How to improve your guitar playing

As I was sitting at the airport today, I started thinking about how I have taught guitar for a long time now. Decades, actually. Most of my students have been beginners or intermediate. Some of them have become very good lead guitar players, and some of my students have been been content with being able to play a few campfire songs, using 3-4 chords.

I have found that there are many different approaches to teaching and learning guitar, and in the end, it all depends on the student's motivation, ambition and discipline. We are all different personalities, and the way you approach playing guitar is reflected in these aspects.

A good teacher will give you the tools and framework for learning guitar. However, you must keep in mind that it is YOU who must spend the time practicing by yourself, in order to really improve. There are no shortcuts or secrets that will magically make you a guitar player. Only by dedicated practice will you be able to reach your goals.

Speaking of goals - this is a key concept that will help you along the way. Set small goals, for example learning one chord in several inversions all over the neck. Don't make goals too hard, such as learning 300 chord shapes over a weekend. If you take on such tasks, you will become frustrated when you find you remember very little of what you practiced. The key is to take BABY STEPS. Learn a chord progression of say, 3 chords. Play the progression in one key, and learn perhaps another version of the 3 chords as well. Then, practice the progression in a different key. Use only the first inversion of the chords, and when you know it well, try the other inversion of the chords you practiced in the original key. You can then practice the same thing in a third key, or you can learn a third chord inversion over the first two keys. Do you know it? Go back and forth between different keys and chord inversion, checking yourself that you can play them without difficulty. Only then should you move on to something new.

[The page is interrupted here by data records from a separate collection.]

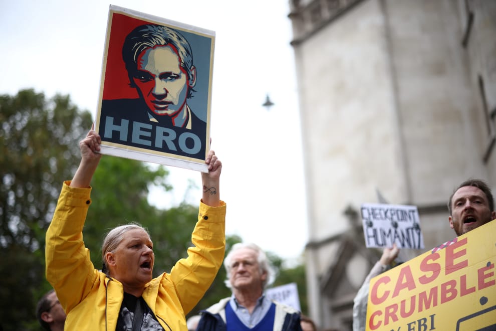 在英國首都倫敦,支持維基解密(Wikileaks)創辦人阿桑奇(Julian Assange)的民眾在皇家司法院(Royal Courts of Justice)外,高舉著一幅將阿桑奇形容為「英雄」的標語聲援他。
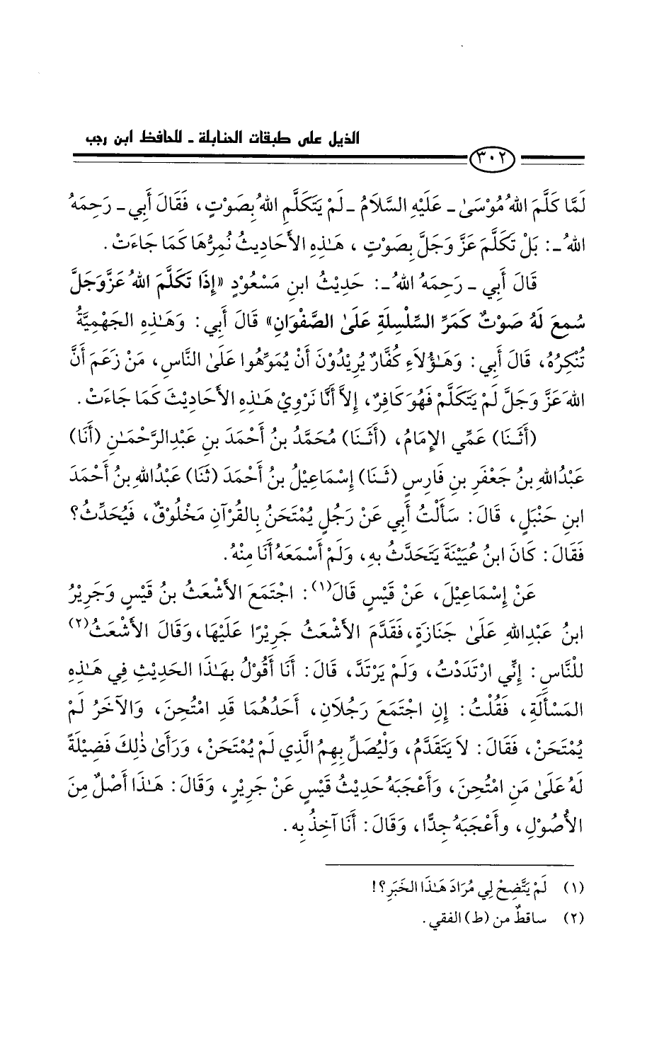 أَخْبَرَنَا عمي الإمام، أَخْبَرَنَا محمد بن أحمد بن عبد الرحمن، أَخْبَرَنَا عبد الله بن جعفر بن فارس، حَدَّثَنَا إسماعيل بن أحمد، حَدَّثَنَا عَبْدُ اللَّهِ بْنُ أَحْمَدَ بن حنبل، قَالَ: سألتُ أبي عن رجل يمتحن بالقرآن: مخلوق، فيحدث. فقالا: كان ابن عيينة يتحَدَّث به، ولم أسمعه أنا منه.
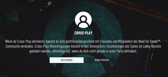 Als Erstes muss man sich natürlich das neue Juni-Update für Need for Speed Heat herunterladen. Wenn man das Update heruntergeladen und installiert hat, dann kann man das Spiel ganz normal starten und beim Spielstart wird schon die Neuerung mit dem Crossplay angezeigt. Hier kann man sich entscheiden, ob man das Crossplay aktivieren oder aber auch deaktivieren möchte. Wenn man das Crossplay erst einmal deaktiviert hat, dann kann man es natürlich auch jederzeit über die Einstellungen wieder aktivieren.
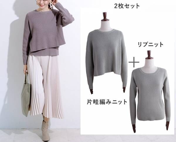 リブ編みニットと片畦編みの2種類の長袖ニットのセット。重ねて着れば、旬のレイヤードスタイルに。
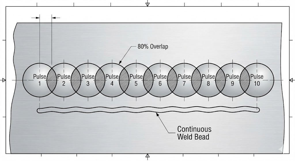 - Kimpalan Berterusan/Bertindih: Juruteknik bertindih setiap "titik" dengan 70-80% untuk mencipta manik logam yang lancar dan padat.
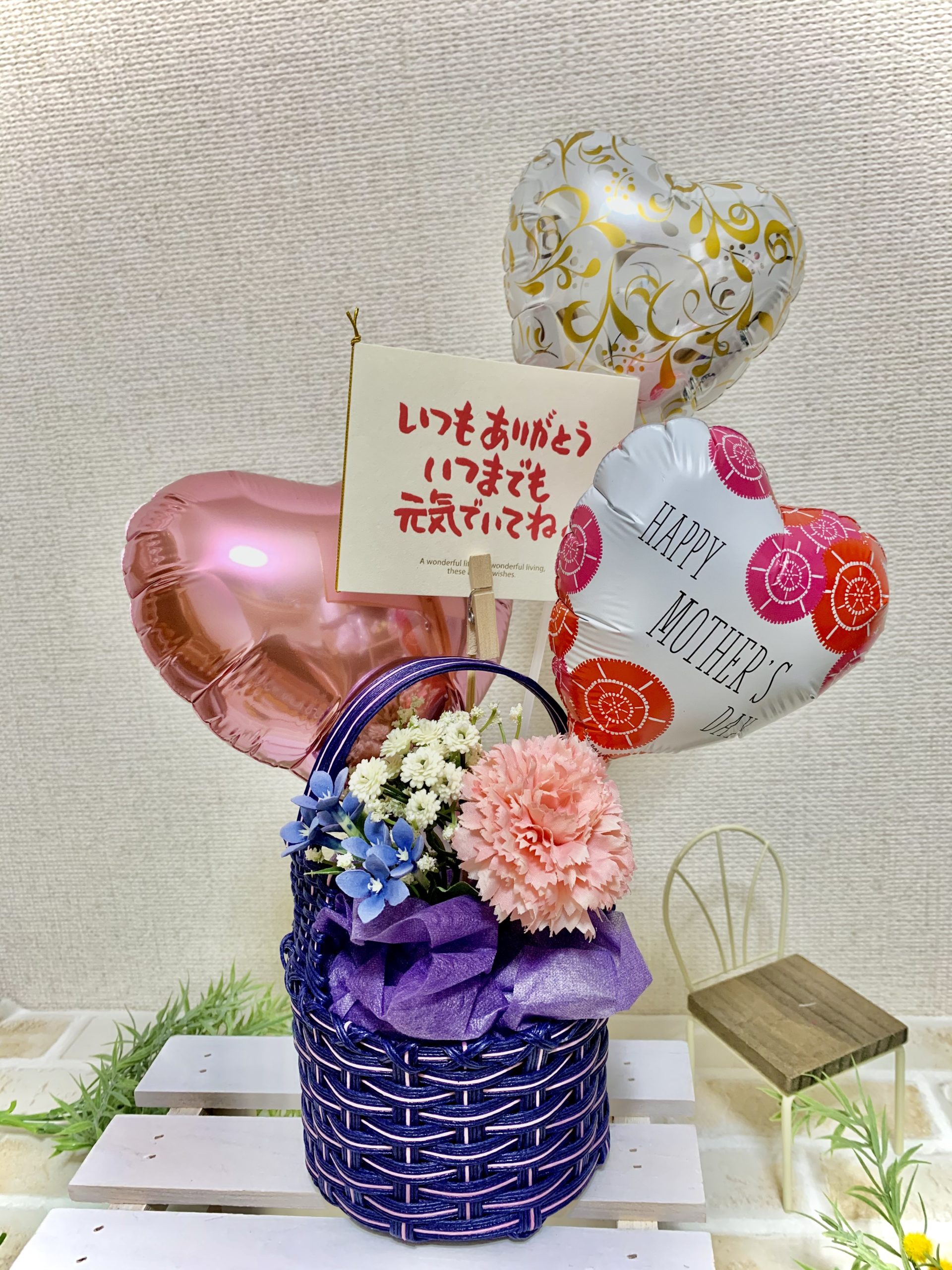 全体的に落ち着いた雰囲気に仕上げつつ、差し色にピンクのハートのバルーンとカーネーションを入れる事によって可愛さも表現しました✨

You see, it is when we play things over and over, slowly and focused, that we really learn long term. I see too many guitar players who are not sure what they are doing, and that is because they THINK they know what they are doing, but they didn't practice each little thing long and focused enough. As a result, they make many mistakes, forget the chords and notes, and ultimate struggle and feel they suck. Don't be one of them. Instead, take your time and practice the "little things" and learn them well. That is something we all have to do, regardless of ability.

As an example from my own practice routine, when I practice improvising over a certain chord or chord progression, I focus on remembering a scale, part of a scale or maybe just a lick, and I do it over and over again. This could be just a couple of seconds long, maybe just 4-5 notes. Since I spend plenty of time repeating this "little thing" over and over, it will eventually stick and become part of my musical vocabulary.

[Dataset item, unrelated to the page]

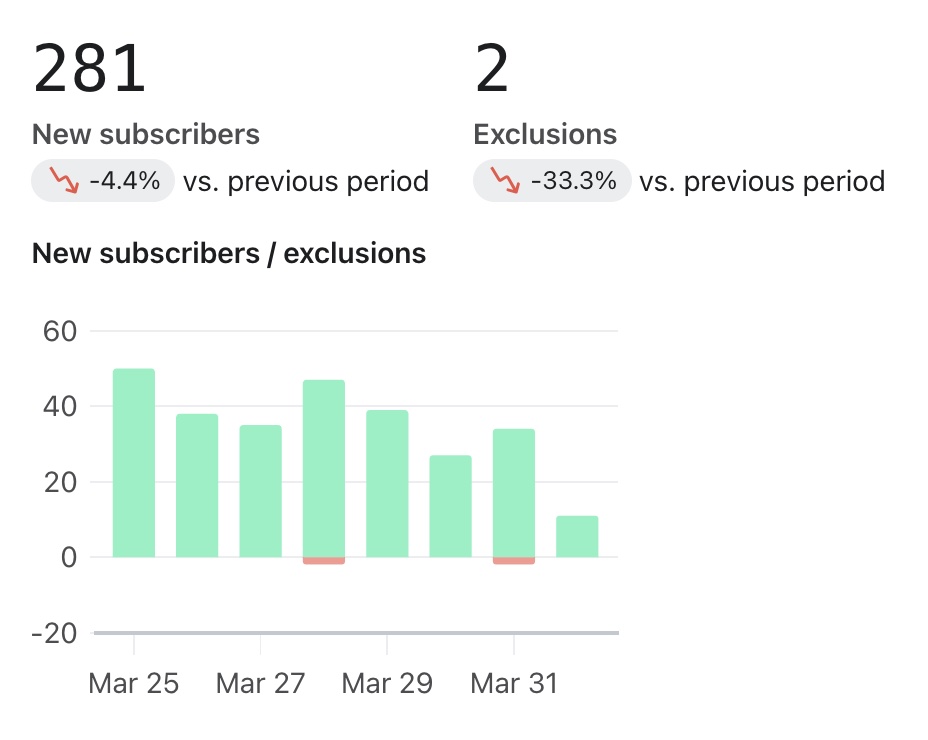 Si pasas el ratón por encima de cualquier punto del gráfico de líneas, también podrás ver el número total de suscriptores añadidos y excluidos en ese momento.
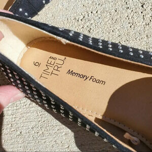 Time And Tru Memory Foam Slip-On Studded Loafers Women's Size 6 Black Silver

I don't stop there, however. I think I know it, but experience tells me otherwise. So, a day or two later, I go back to it again, and I try to repeat what I knew so well earlier. What I find is that I sort of know it, but it's not as solid as earlier. So, I practice the same thing again. This time, I get it under my belt quicker, just because I have practiced it before. Then, perhaps I change somethning, like different chord inversions or playing it over different keys. Immediately, it becomes harder again, so I focus and practice slowly until I think I know it. Again, I come back to it a day or two later, and check up on myself if I REALLY know it. Do you see what I mean?

This is how all great musicians evolve as players. Some may be able to learn more in a shorter time than others, but the process is still the same - focused practice, taking on bite size of information as we practice our instruments.

I believe a guitar teacher can only give you guidelines and sign posts about where and how you can do things, but it is only you, the student, who can ultimately get there, by practicing often, and by practicing the correct way.

Never, ever, believe these people who promise you huge leaps in learning in a short time, by buying their products. Those sales people are nothing but scammers, because people don't work that way.

None of my guitar lesson products will take you from a beginner to a top act lead guitar player in a week or two. Not even a month or two. No, you should approach all guitar teaching products as small helpers along the way, because they teach you building blocks and concepts, which you then practice as I have described above. If you have discipline and motivation, you WILL as a result developer as a guitar player, and move closer to your goal of becoming good at playing guitar.

I do hope this does not discourage you. Playing guitar is a life long journey, and it is great fun. Enjoy it, and take advantage of the many great guitar learning products and sources out there, and stay focused. I am sure you can do it.

If you are looking for some ideas for learning scales, here is a good resource for scale patterns. This will help you to really understand when and where to use scales.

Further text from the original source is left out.